I acknowledge that generative AI can be an incredible tool, and suspect that in my professional life I’m going to have to learn to use it. (I was hoping to retire before something like this happened, but alas, no.) And okay, if I never had to write another org announcement, I would not really mourn. The grief strikes when I let myself think about the downstream consequences that my imagination very quickly finds. I fear that we are blithely creating a way to completely obviate independent thought—and it’s in short supply already.

This was rolling around in my head during a symphony concert last weekend. The music was perfect and I was moved to tears more than once, and (as usual) this led me to think about the miracle of music. I marvel that a composer can hear the intricacies of a symphony with the inner ear and somehow get it into shareable form. Then groups of people come together, each playing one part of it in a unique, individual way. What moves me is the idea of all these different people deriving such purpose and joy from being part of creating the magnificent, ephemeral whole. We have to understand the context for the second bassoon’s part (for instance) to reveal its beauty. Generative AI is like an inversion of this process. It takes all the parts—all the efforts of individual human minds—out of context and passionlessly mixes and remixes the components until something coherent emerges. It’s the difference between being in a garden and arranging cut flowers.
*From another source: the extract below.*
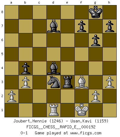 Last move : 0-1 2017 December 7 8:6:32 [Event "FICGS__CHESS__RAPID_E__000192"] [Site "FICGS"] [Date "2017.10.31"] [Round "1"] [White "Joubert,Hennie"] [Black "Usan,Kavi"] [Result "0-1"] [WhiteElo "1246"] [BlackElo "1159"] 1.e4 c5 2.Nf3 d6 3.d4 cxd4 4.Nxd4 Nf6 5.Nc3 g6 6.f4 e5 7.Ndb5 a6 8.Na3 Bg7 9.Be2 O-O 10.O-O exf4 11.Bxf4 Be6 12.Bxd6 Re8 13.Bxb8 Qxb8 14.h3 Qg3 15.Rf3 Qg5 16.Qe1 Bd7 17.Rg3 Qc5+ 18.Qf2 Qc6 19.Bf3 Bf8 20.Kh1 b5 21.e5 Bc5 22.Bxc6 Bxf2 23.Bxa8 Bxg3 24.Bb7 Bxe5 25.Ne4 Nxe4 26.c3 Nc5 27.Bf3 Bg3 28.Nc2 a5 29.Nd4 b4 30.cxb4 axb4 31.Kg1 Nd3 32.b3 Be5 33.Rd1 Bxd4+ 34.Kf1 Re3 0-1 Sicilian : Dragon, Levenfish variation Kingside Castling by player Black (move 9) Kingside Castling by player White (move 10) Player Black won this chess game. Follow this game move after move (download)In Chess, just as in life, today's bliss may be tomorrow's poison. (Assaic) Es gibt keine einzige Frau, der ich nicht einen Springer vorgeben könnte und trotzdem gewänne. (Robert James Fischer) Cuando le juegas a Fischer, no es una cuestion de si vas a ganar o perder. Es una cuestion de si vas a sobrevivir. (Boris Spassky) Même un GMI sait rarement calculer sur plus de cinq coups une attaque à sacrifices. (Rudolf Spielmann) The only thing that overcomes hard luck is hard work. (Harry Golden)

It feels like we’re in danger of being overcome by our own technology. We (meaning humanity) keep doing this. We never seem to think through all the ways a new technology will change our human experience before opening the floodgates. Writing pushed aside the oral tradition, and suddenly the audience was fragmented. Cars took over from horses, and our understanding of distance was changed forever. Recordings changed our relationship with music from community participation to expert performance. Email obviated letters, and now we don’t teach cursive writing. We don’t really even need to know much of anything, because all the information in the world is just a search term away. In certain grieving moods, I can get hung up on the things that have been deprecated—in part because a lot of those things are old forms that I personally find meaningful.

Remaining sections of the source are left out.